Call for Participation: Archives Unleashed 4.0

Web Archive Datathon

The British Library

June 11 – 13, 2017

Travel grants will be available for US-based graduate students.

Applications for all attendees are due 7 April 2017. due April 17!!

Call for Participation
This event is the fourth workshop in the Archives Unleashed series. Each event is a standalone datathon aimed at building the Web Archiving community and providing a forum for interdisciplinary collaboration.
* * *

The World Wide Web has a profound impact on how we research and understand the past. The sheer amount of cultural information that is generated and, crucially, preserved every day in electronic form, presents exciting new opportunities for researchers. Much of this information is captured within web archives.

Web archives often contain hundreds of billions of web pages, ranging from individual homepages and social media posts, to institutional websites. These archives offer tremendous potential for social scientists and humanists, and the questions research may pose stretch across a multitude of fields. Scholars broaching topics dating back to the mid-1990s will find their projects enhanced by web data. Moreover, scholars hoping to study the evolution of cultural and societal phenomena will find a treasure trove of data in web archives. In short, web archives offer the ability to reconstruct large-scale traces of the relatively recent past.

While there has been considerable discussion about web archive tools and datasets, few forums or mechanisms for coordinated, mutually informing development efforts have been created. Our series of datathons presents an opportunity to collaboratively unleash our web collections, exploring cutting-edge research tools while fostering a broad-based consensus on future directions in web archive analysis.

This event will bring together a small group of 35 – 45 participants to collaboratively develop new open-source tools and approaches to web archives, and to kick-off collaboratively inspired research projects. Researchers should be comfortable with command line interactions, and knowledge of a scripting language (such as but not limited to Python) is strongly desired. By bringing together a group of like-minded scholars and programmers, we hope to begin building unified analytic production effort and to continue coalescing this nascent research community.

At this event, we hope to continue to converge on a shared vision of future directions in the use of web archives for inquiry in the humanities and social sciences in order to build a community of practice around various web archive analytics platforms and tools.

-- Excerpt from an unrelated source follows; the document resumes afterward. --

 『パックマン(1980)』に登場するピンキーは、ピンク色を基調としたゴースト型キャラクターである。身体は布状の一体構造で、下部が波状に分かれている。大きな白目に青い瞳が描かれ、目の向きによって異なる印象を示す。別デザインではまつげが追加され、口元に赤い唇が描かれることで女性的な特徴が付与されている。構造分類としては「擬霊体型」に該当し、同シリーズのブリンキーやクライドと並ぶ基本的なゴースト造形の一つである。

The event is sponsored by the British Library, Rutgers University, University of Waterloo, the National Science Foundation and the International Internet Preservation Consortium. Thanks to generous support from the British Library, lunch and refreshments during the event will be covered. In addition, there will be a reception the first night and a dinner the second night, supported by funding from the NetLab at Aarhus University, the Social Sciences and Humanities Research Council, and Rutgers University.

We are also providing sample datasets for people to work on during the datathon, or they are happy to use their own. Included datasets are:

  • The .gov web archive covering the American government domain
  • The End of Term Web Archives (.gov/.mil), from 2008, 2012, and 2016
  • Social media collections from the 2016 archive
  • Canadian Political Parties and Political Interest Groups collection and other datasets to be announced
  • UK Government Web Archive – 2010 UK General Election Collection: Data from crawls of UK Ministerial Departments, delivery channels (such as and a few other selected UK Central Government sites launched one month before the 2010 UK General Election and on the day after the new coalition government was formed (12th May 2010).
  • UK Government Web Archive – Public Inquiries, Inquests, Royal Commissions, Reviews and Investigations: Data from crawls of around 70 UK Government sponsored: Public Inquires, Inquests, Royal Commission, Reviews and Investigations. The crawl dates range from 2000 to 2016 but cover inquiries which reported as long ago as 1996.

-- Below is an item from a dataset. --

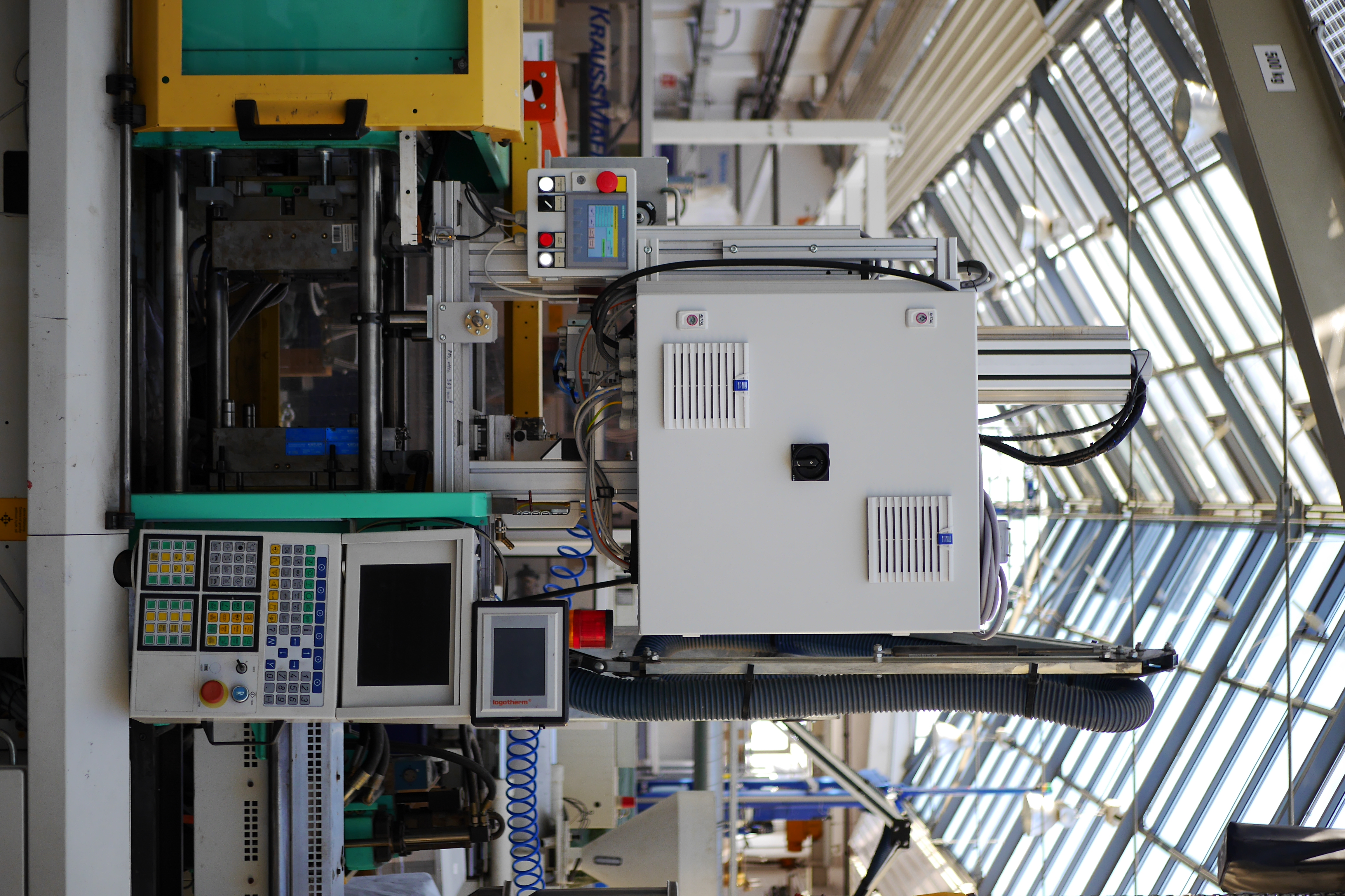 Für die Verarbeitung elektr. leitfähiger Substanzen in der geplanten Prozessroute war die Entwicklung einer neuartigen Anlagentechnik notwendig. Diese besteht aus einer Tampondruckanlage, welche auf die Spritzgussmaschine als Modul aufgesetzt wird und bei geöffnetem Spritzgusswerkzeug das Schaltbild auf die Werkzeugwand applizieren kann. Manuelle Vorversuche mit thermoplastischem Kunststoff hatten zudem gezeigt, dass es bei Drucksubstanzen auf metallischer Basis aufgrund der werkstofflichen Zusammensetzung notwendig sein kann, das auf der Werkzeugwand applizierte Schaltungsbild zu trocknen. Dies ermöglicht es, einen günstigen thermo-rheologischen Zustand beim Einspritzen der Kunststoffschmelze gezielt einzustellen. Hierfür sollte die Tampondruckanlage u.a. über eine automatisierte Trocknungsanlage verfügen. Nach Auslegung und Konstruktion der Komponenten, welche zur Funktionserfüllung gemäß Lastenheft benötigt wurden, mussten Einzelteillisten erstellt und entsprechend beschafft werden. Im weiteren Verlauf wurden zunächst die Einzelkomponenten vormontiert und dann zur Gesamtbaugruppe zusammengesetzt. Nach Implementierung der Steuerung wurden alle Verfahrbewegungen und Funktionen gemäß Lastenheft sowohl als Einzelfunktion als auch als (Halb)automatikablauf überprüft.

Those interested in participating should send a 250-word expression of interest and a CV to Ian Milligan ( by 17 April 2017 with “Archives Unleashed” in the subject line. This expression of interest should address the scholarly questions that you will be bringing to the datathon, and what datasets you might be interested in either working with or bringing to the event. Applicants will be notified by 22 April 2017.

We expect to be able to issue a limited number of travel grants available for US-based doctoral students; preference will be given to those who have not participated in the Archives Unleashed program in the past, although we welcome returning participants. These grants can cover up to $1,000 USD in expenses. If you are in an eligible position, please indicate in your statement of interest that you would like to be considered for the travel grant.

On behalf of the organizers,

Matthew Weber (Rutgers University), Ian Milligan (University of Waterloo), Jimmy Lin (University of Waterloo), and Olga Holownia (British Library).